Close-up of a cicada. (Shannon Potter/Unsplash.com)

Thirteen years ago, N.C. locals experienced a significant swarm of cicadas. This spring, they are once again witnessing a similar phenomenon, and it appears that this year’s emergence may be even more impressive than the last. The emergence of periodical Brood XIX, also known as the Great Southern Brood, will coincide with periodical Brood XIII, the Northern Illinois Brood, marking the first time since 1803 that these cicada populations will co-emerge.

Cicadas predominantly live underground for the majority of their lifecycle. They surface primarily for the purpose of mating, during which nymphs—cicadas in their immature stage—hatch, fall to the ground and subsequently the cycle renews itself.

Cicadas can be categorized into annual and periodical species, which are organized into broods that surface at different intervals. According to an NC State Extension article authored by Jim Walgenbach, an extension entomology specialist, and Stephen Schoof, an agricultural research specialist, annual cicadas emerge every year, typically from July to August. Periodical cicadas emerge every 13 to 17 years, varying based on the brood, and typically appear earlier in the year, usually in late April or May.
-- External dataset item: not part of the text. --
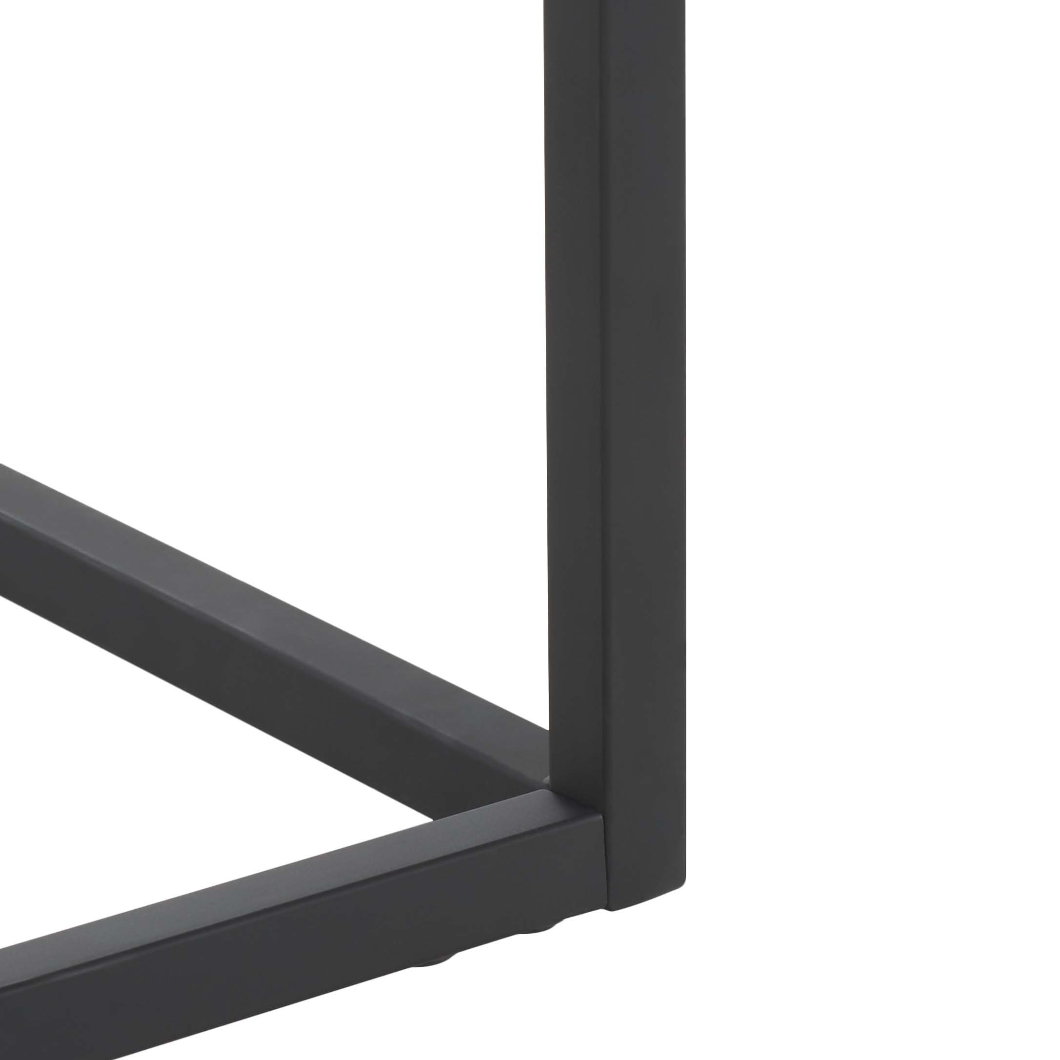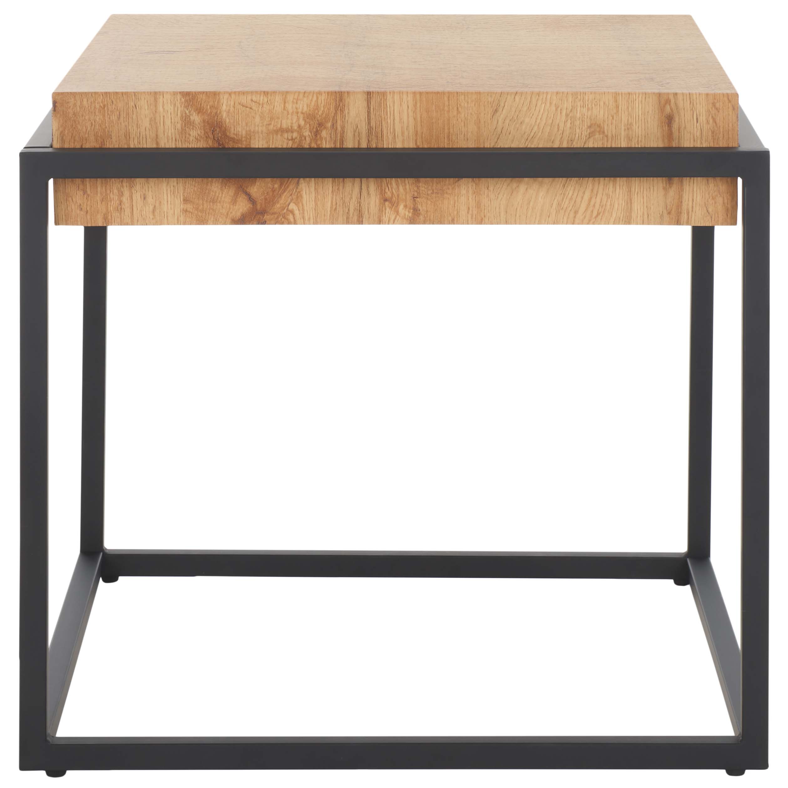 Give a modern and industrial edge to your home with our Edgefield end table. A stunning natural paper veneer top is anchored within a clean-lined rectangular base. The base features a sleek black metallic finish for an inviting industrial edge. Vouching for an airy profile and modernist silhouette, our end table serves as a welcoming and versatile addition to any corner. It brings modern charm to serve as a convenient spot to display and keep your essentials within easy reach.

Cicadas typically cause minimal damage to trees while offering a significant surge in food for native predators, such as birds, bats, amphibians and other wildlife. According to an entry in the Encyclopedia of Entomology, certain bird species may even alter their foraging behavior to benefit from this abundant food source.

Close-up of cicada resting on plant stem. (Jason Weingardt/Unsplash.com)

Another evolutionary trait cicadas have is a mouth piece called a proboscis, a trait they share with butterflies. Stacy Endriss, a professor in the science department at UNCW, says cicadas suck fluids from tender plant material, which does not normally cause any harm.

The only cicadas Wilmington locals might see this spring is the Brood XIX. Even then, Brood XIX appears to be emerging in the foothills and not the coast. “For us, we will not be too affected in this part of the state,” said Matt Collogan, an environmental education manager at the New Hanover County Arboretum.

Collogan went on to say that cicadas provide an excellent source of nitrogen for plants when they die or leave exoskeletons behind and can help aerate the soil as they leave holes behind when they emerge.

“You do not need to kill them, and we encourage people to just let them be,” Collogan said. “You might see where they lay their eggs in branches. The ends of the branches will flag where the eggs have been laid but that’s just natural. It won’t really affect the tree.”

Hannah Seibert, the Environmental Education Program Coordinator at Airlie Gardens had similar advice to give.

“As far as feeding on trees, they’re not going to harm established, large trees. It could be a concern for younger trees” Seibert said. “[Young trees] can be protected by covering them with material like cheesecloth or a light, breathable fabric that can just protect them from the insects landing on them.”